Of course, like everything Noma does, these two condiments are the result of a very, very exhaustive creative process. They were, according to the WSJ, chosen from hundreds of vinegars, misos, kombuchas and garums produced by the restaurant’s testing laboratory. Jason Ignacio White, director of the Fermentation Lab, said these garums are found in all kinds of soups, sauces and dressings in restaurants: “The same way you could put a tiny bit of zest on a dish. To make these fish-free garums, the ingredients – mushrooms and egg whites, in this case – are brewed in a hot solution of koji rice, the grains inoculated with edible mold. According to WSJ, Noma Projects will release more garums once the first two are released into the world, including one intensely flavored with roasted chicken wings. Redzepi told the Journal that he hopes vegetarian garums will help home cooks switch to more plant-based diets.
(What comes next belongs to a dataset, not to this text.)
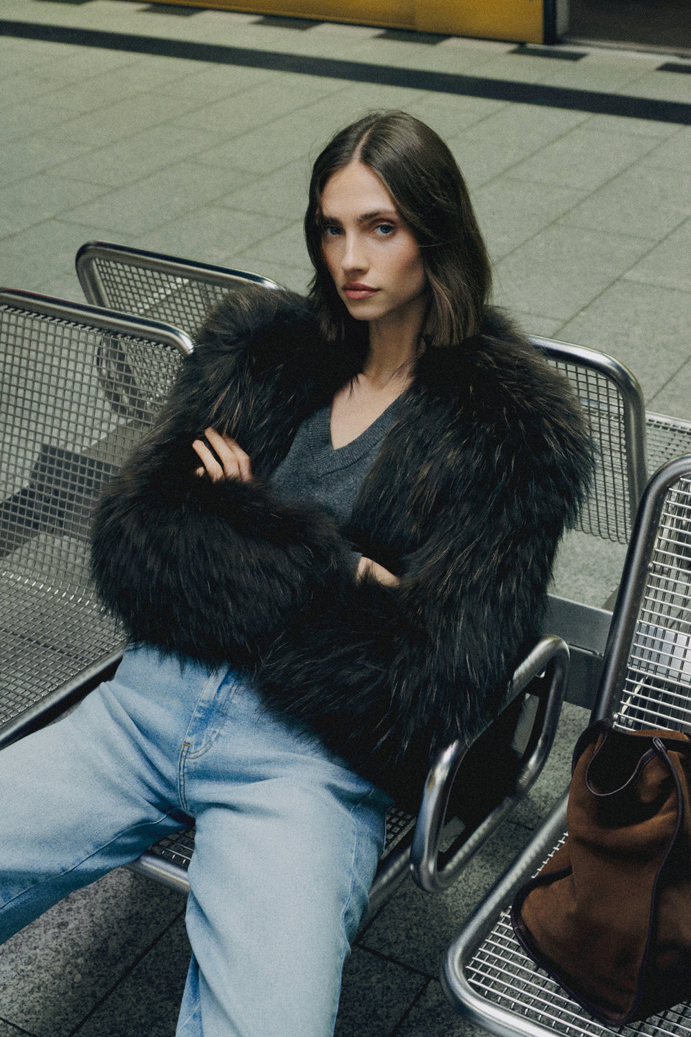 Casaco premium confecionado em 100% pelo. Regular fit. Decote em V. Manga comprida. Fecho com colchetes.
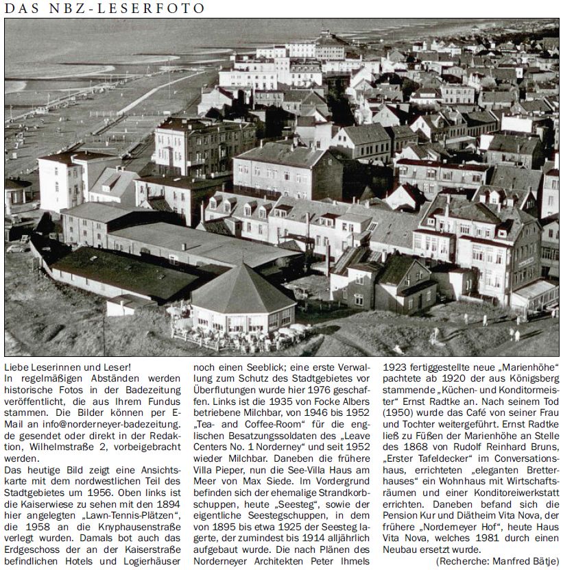 Das heutige Bild zeigt eine Ansichtskarte mit dem nordwestlichen Teil des Stadtgebietes um 1956. Oben links ist die Kaiserwiese zu sehen mit den 1894 hier angelegten "Lawn-Tennis-Plätzen", die 1958 an die Knyphausenstraße verlegt wurden. Damals bot auch das Erdgeschoss der an der Kaiserstraße befindlichen Hotels und Logierhäuser noch einen Seeblick; eine erste Verwallung zum Schutz des Stadtgebietes vor Überflutungen wurde hier 1976 geschaffen. Links ist die 1935 von Focke Albers betriebene Milchbar, von 1946 bis 1952 "Tea- and Coffee-Room" für die englischen Besatzungssoldaten des "Leave Centers No. Norderney" und seit 1952 wieder Milchbar. Daneben die frühere Villa Pieper, nun die See-Villa Haus am Meer von Max Siede. Im Vordergrund befinden sich der ehemalige Strandkorbschuppen, heute "Seesteg", sowie der eigentliche Seestegschuppen, in dem von 1895 bis etwa 1925 der Seesteg lagerte, der zumindest bis 1914 alljährlich aufgebaut wurde. Die nach Plänen des Norderneyer Architekten Peter Ihmels 1923 fertiggestellte neue "Marienhöhe" pachtete ab 1920 der aus Königsberg stammende "Küchen- und Konditormeister" Ernst Radtke an. Nach seinem Tod (1950) wurde das Café von seiner Frau und Tochter weitergeführt. Ernst Radtke ließ zu Füßen der Marienhöhe an Stelle des 1868 von Rudolf Reinhard Bruns, "Erster Tafeldecker" im Conversationshaus, errichteten "eleganten Bretterhauses" ein Wohnhaus mit Wirtschaftsräumen und einer Konditoreiwerkstatt errichten. Daneben befand sich die Pension Kur und Diätheim Vita Nova, der frühere "Norderneyer Hof", heute Haus Vita Nova, welches 1981 durch einen Neubau ersetzt wurde. (Recherche: Manfred Bätje)

Internally, he hopes this product line will make money for the restaurant. Since opening Noma 18 years ago, according to Redzepi, the average profit margin has only been 3%. Ideally, these funky condiments will help line the restaurant’s pockets a bit.

Granted, I didn’t spend a ton of time last year wondering what Noma was doing, a little more concerned, you know, going through a pandemic. But my friends are traveling again, posting about it on Instagram, and good old FOMO is back. I feel perfectly satisfied these days to stick my head out of the house for a drink, or even to eat in a crowded restaurant. bedroom. Traveling the world, on the other hand, still doesn’t seem so appealing, especially though my local cafe still feels like an adventure. But top my eggs or rice with a funky sauce made by some of the world’s leading fermentation experts? Still pretty exciting.